Project Description
The Plain Dealer – GroundWorks DanceTheater performers are tireless in program at Breen Center (Review)
By Donald Rosenberg, The Plain Dealer
The members of GroundWorks DanceTheater often go far beyond the call of duty in concert. This weekend’s program of three strenuous works at the Breen Center for the Performing Arts, for example, keeps the five GroundWorks dancers busy all night long.
And are they ever busy. Along with revivals of Amy Miller’s “Valence” and Lynne Taylor-Corbett’s “Hindsight,” the Cleveland modern-dance company is presenting the world premiere of Ronen Koresh’s arresting “CoDa,” a work of urgent physicality and emotional extremes.
The title – suggesting the concluding section of a piece – is as mysterious as much of the dance. In seven episodes set to haunting and exuberant music by French composer Rene Aubry, Koresh explores a spectrum of human interactions, some of them teasing, others brooding and defiant.
The dancers, dressed in various black-and-white costumes (by Koresh), introduce “CoDa” with a series of unison passages sparked by tummy rubs and mouth gestures. It’s festive and hip, with arms flying, bodies jiggling and smoke wafting in, as if this is a Parisian cabaret.
But playfulness is only a sometime thing in Koresh’s conflicted world. Although Sarah Perrett and Damien Highfield engage in frolicsome kicks, Felise Bagley and Gary Lenington perform a duet of torrid intensity, Kathryn Taylor tries to rid herself of demons in a spasmodic solo and Perrett returns alone as another troubled soul.
There are touches of jealousy and violence in the relationships, as well as folksy respites, and “CoDa” ends with the cast downstage staring blankly into the audience. It’s a work of ferocious energy that the GroundWorks dancers performed Friday with their special brand of focus and flexibility.
The same qualities are required in “Valence,” a juxtaposition of movement and music centered on the idea of breath. To Peter Swendsen’s intriguing amalgam of sounds, artistic associate Miller’s angular and quicksilver choreography embraces a panoply of entrances and exits, subtle responses and atmospheric resonances.
An otherworldly aura pervades “Valence,” whose musical elements (waves, trains, electronic effects) are rhythmic and kinetic complements to Miller’s chain of solos, duets and ensemble sequences. Dennis Dugan’s horizontal lighting enhances the work’s austere personality. The results are both rigorous and fluid, and the dancers were alert to the abrupt changes in phrasing and mood.

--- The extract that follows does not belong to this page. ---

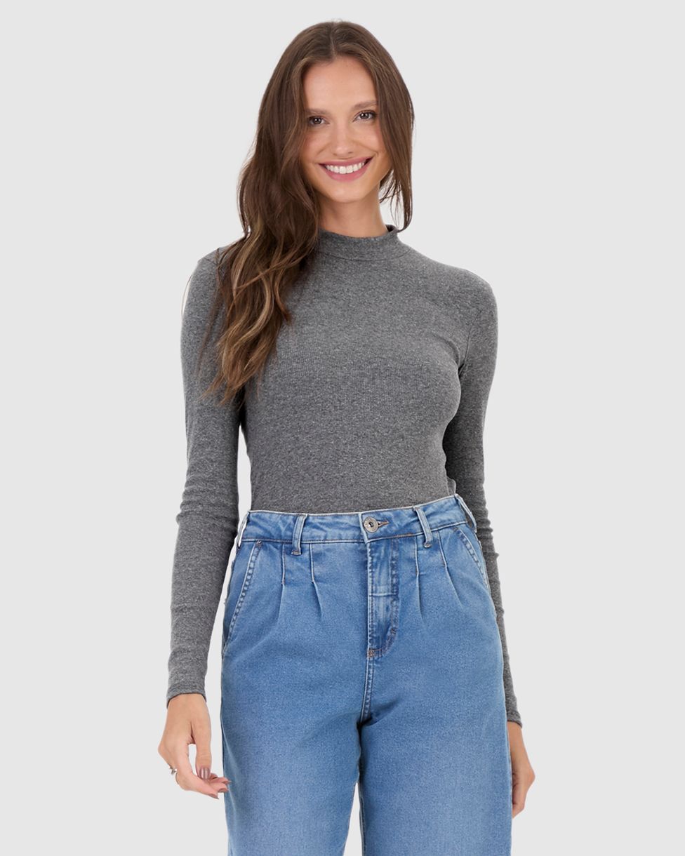 Blusa Básica Feminina Gola Alta Manga Longa Em Ribana
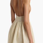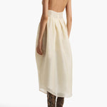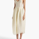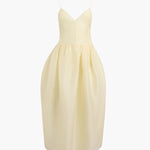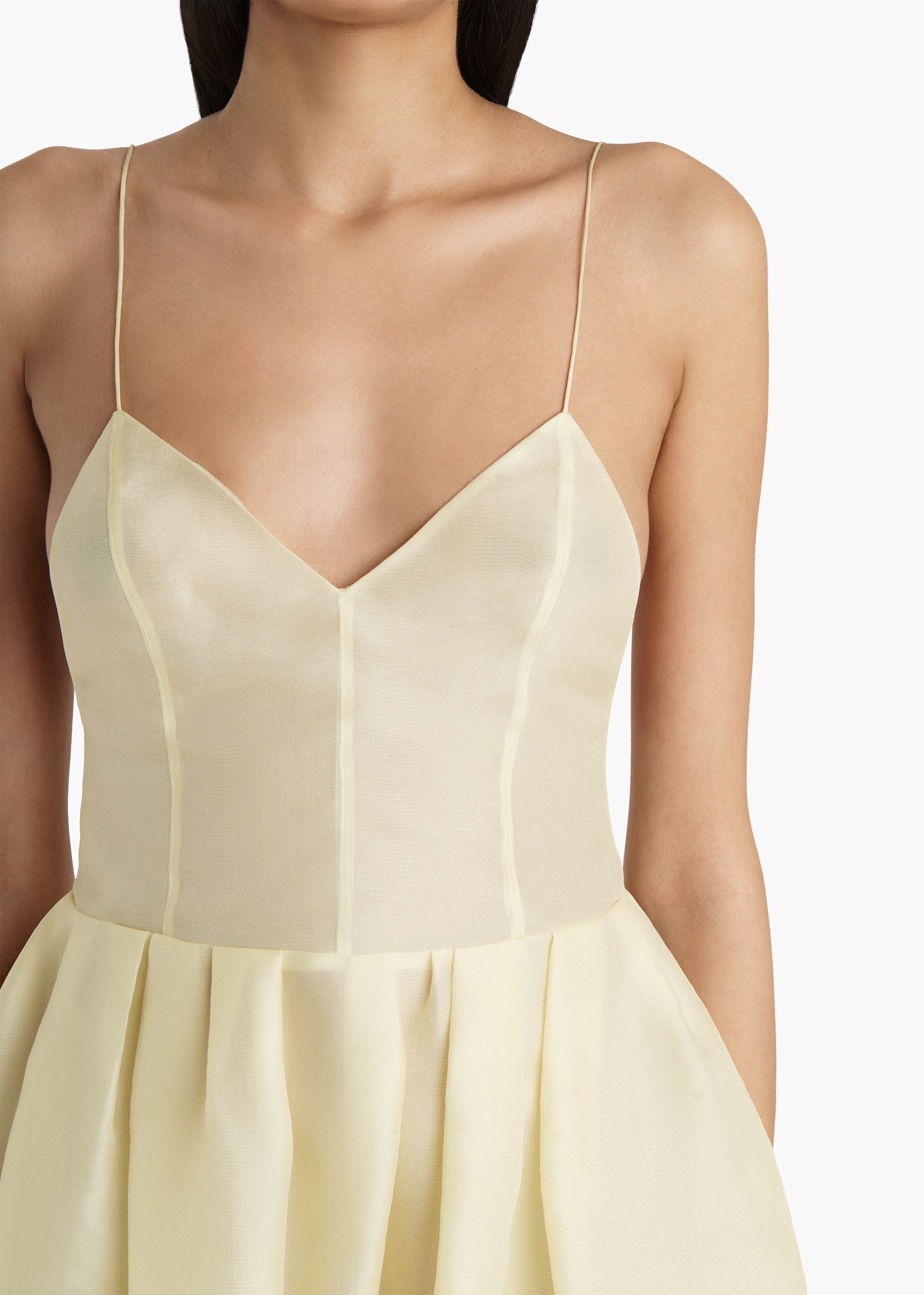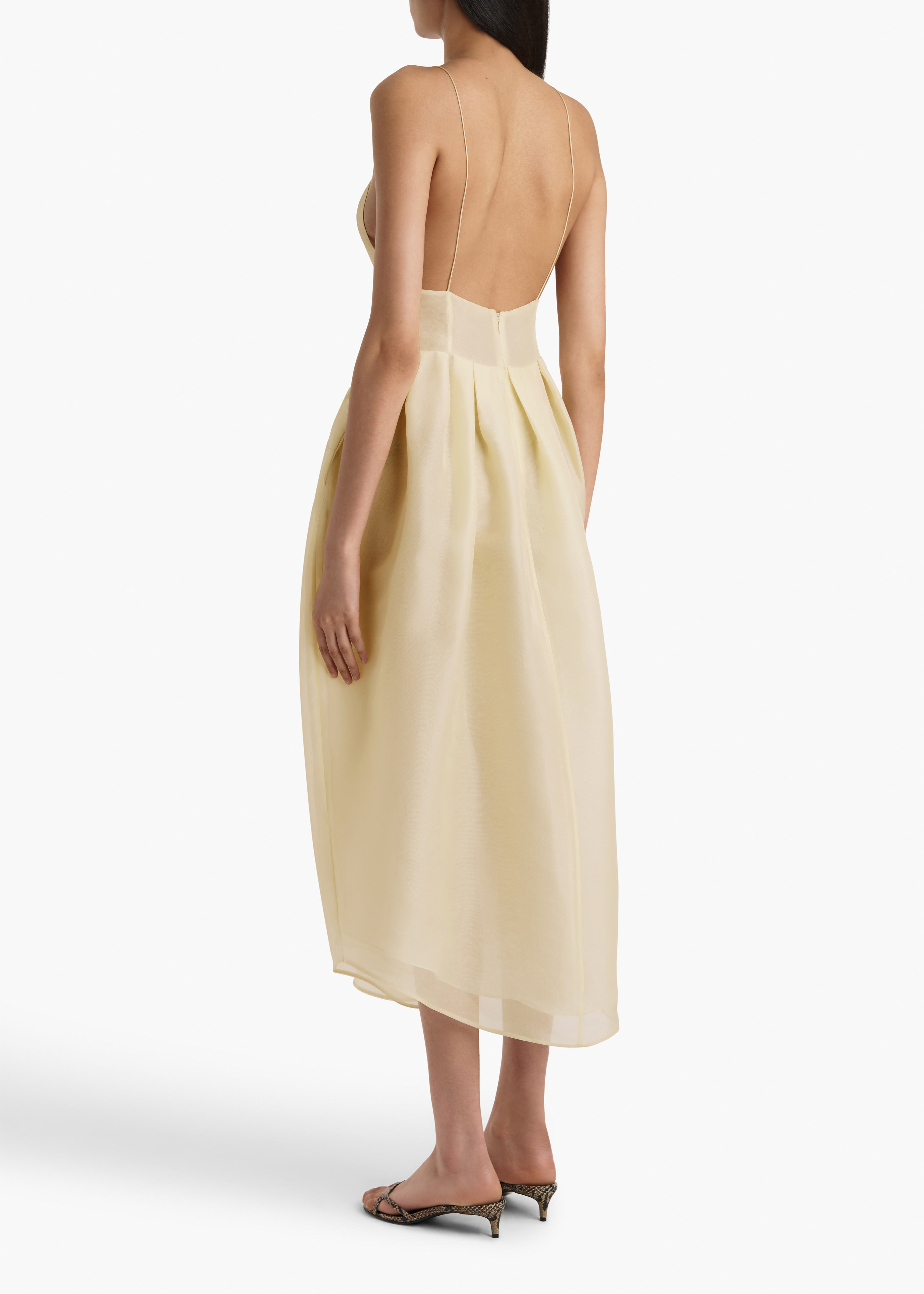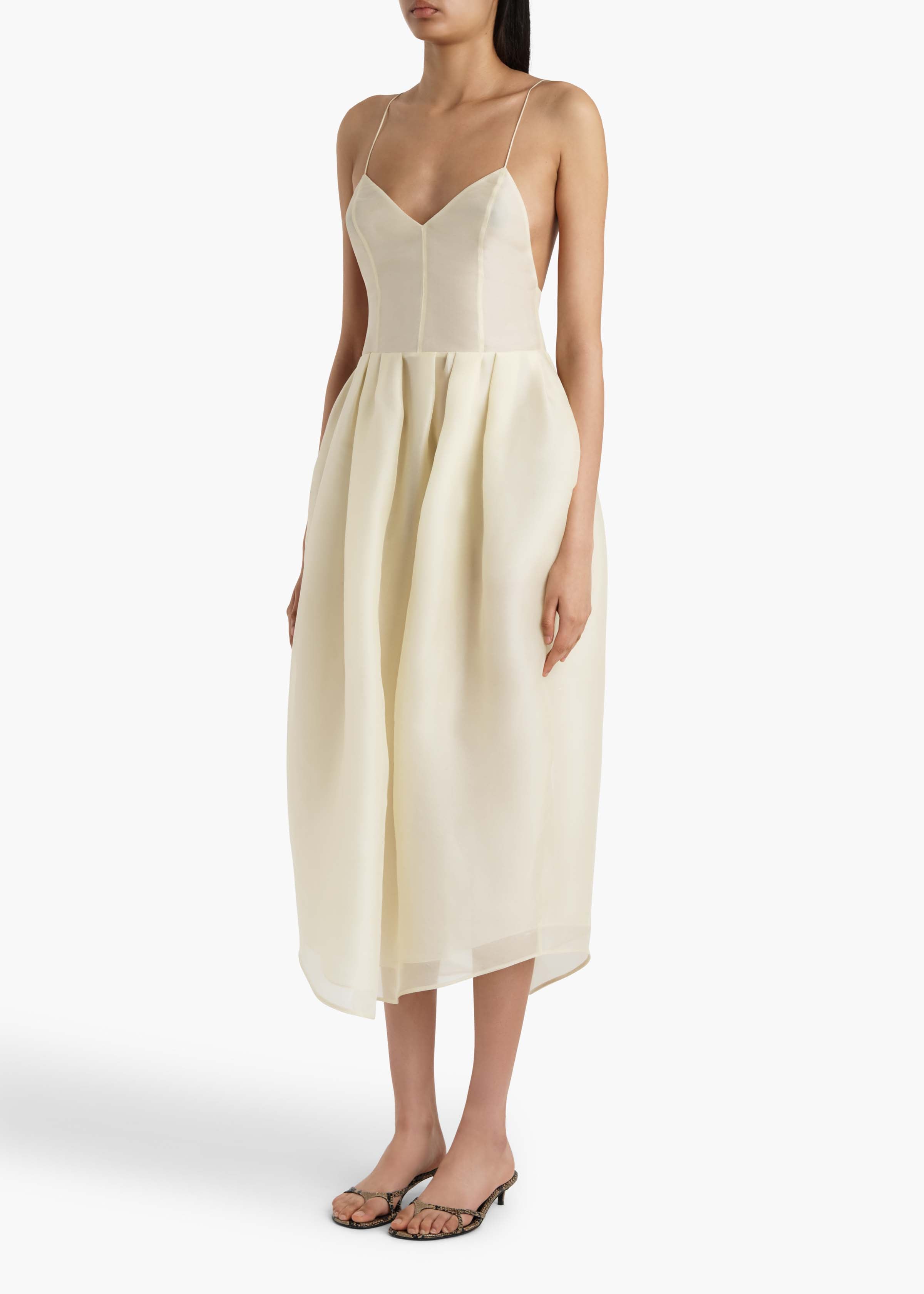 A sculptural dress that gains its lightness and rounded quality from naturally slubbed silk shantung organza. Camisole-style bodice suspended from delicate straps. Elongated bubble hem framed by soft pleats and gently rounded hem. In-seam side pockets. Concealed zipper at low back.

On a completely different (and unbuttoned) note is Taylor-Corbett’s “Hindsight,” a tribute to Chrissie Hynde and the Pretenders. Adam Larsen’s videos – photos of Akron and Ohio, postcards of smooching cows and pigs, collages of flickering candles – are key to the work’s whimsical and soulful character. Taylor-Corbett’s inventive melding of Broadway, ballet and modern allows the GroundWorks dancers to be sassy, sexy and even sacred.
Bagley was a standout in “Hymn to Her” enveloped in or released from long, black fabric. Perrett registered understandable surprise in “Love’s a Mystery” when Highfield and Lenington sauntered off arm in arm.
With Hynde’s music supplying a flourish of contrasting feelings, the company was as fresh and communicative at evening’s end as they were when the Breen Center’s slow, droning curtain rose nearly two hours earlier.